The second hypothesis I would like to test is if the age of a mother has any affect on their babies' birth weight? The null hypothesis would be that there is no correlation between the mother's age and baby's birth weights. The alternative hypothesis would be that older mother's newborn birth weights were lower than that of younger mothers and vice versa.
# Hypothesis testing - difference of means
# High school diploma completed
age_hs_mean = 26
age_hs_sd = np.sqrt(3.1)
age_hs_n = 284
# Master's degree completed
age_ms_mean = 33
age_ms_sd = np.sqrt(2.2)
age_ms_n = 222
sample_age_hs = np.random.normal(loc=age_hs_mean, scale=age_hs_sd, size=age_hs_n)
print("Age (High School Diploma)")
print("Observations:", len(sample_age_hs))
print("Mean:", np.mean(sample_age_hs))
print("Standard Deviation", np.std(sample_age_hs))
print("Variance", np.std(sample_age_hs)**2)
print("")
sample_age_ms = np.random.normal(loc=age_ms_mean, scale=age_ms_sd, size=age_ms_n)
print("Age (Master's Degree)")
print("Observations:", len(sample_age_ms))
print("Mean:", np.mean(sample_age_ms))
print("")
print("Standard Deviation", np.std(sample_age_ms))
print("Variance", np.std(sample_age_ms)**2)
obs_diff = age_hs_mean - age_ms_mean
exp_diff = 0
var_hs = (age_hs_sd**2) / age_hs_n
var_ms = (age_ms_sd**2) / age_ms_n
std_err = np.sqrt(var_hs + var_ms)
print("Sample difference:", obs_diff)
print("Expected population difference:", exp_diff)

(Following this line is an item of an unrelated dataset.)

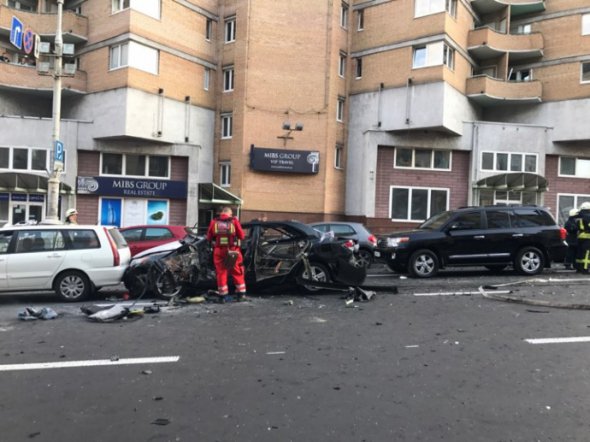 У Києві біля Бесарабського ринку підірвали автомобіль Toyota Camry з грузинськими номерами.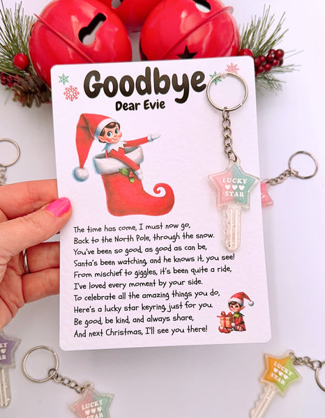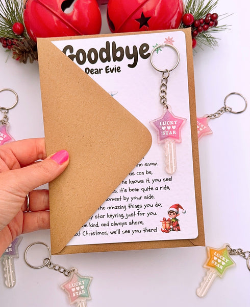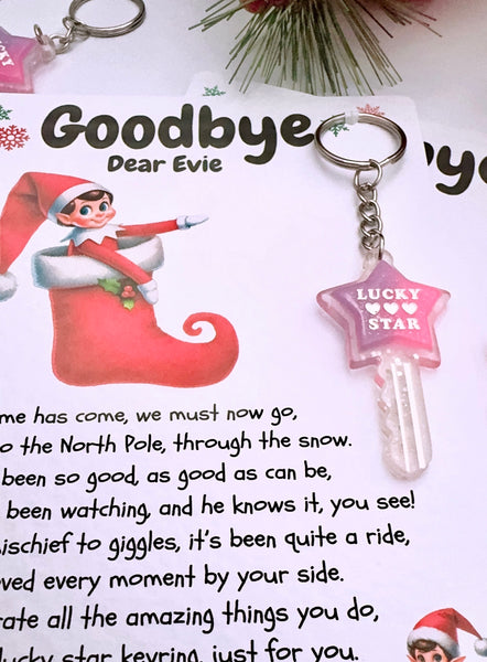 Say goodbye to the naughty/cheeky Elf/Elves this Christmas with this cute letter and pocket lucky star keyring. This gift makes the perfect unique elf goodbye gift/present.

print("Standard Error:", std_err)
Z = (obs_diff - exp_diff) / std_err
print("")
print("Z-score:", Z)
After analyzing the data generated by my first hypothesis, I found that for this set of data the education level and the age of the mothers did show a correlation. Mothers who pursued a higher education were older than mothers with less education. The "8th grade or less" education category deviated from my hypothesis in that mothers who pursued higher education were older, seeing as that category produced an older age range than the "9th through 12th grade with no diploma" category.
Through analyzing the data from my second hypothesis, I found that there is no correlation between the age of the mothers and the birth weights of their newborns for this set of data.
The most challenging aspect of working with this dataset was having a lot of non-numeric variables and coming up with the best potentially meaningful hypothesis questions to pose from them based on the numeric variables provided. Only one of my hypotheses produced a plot that I could discern any actual meaning from.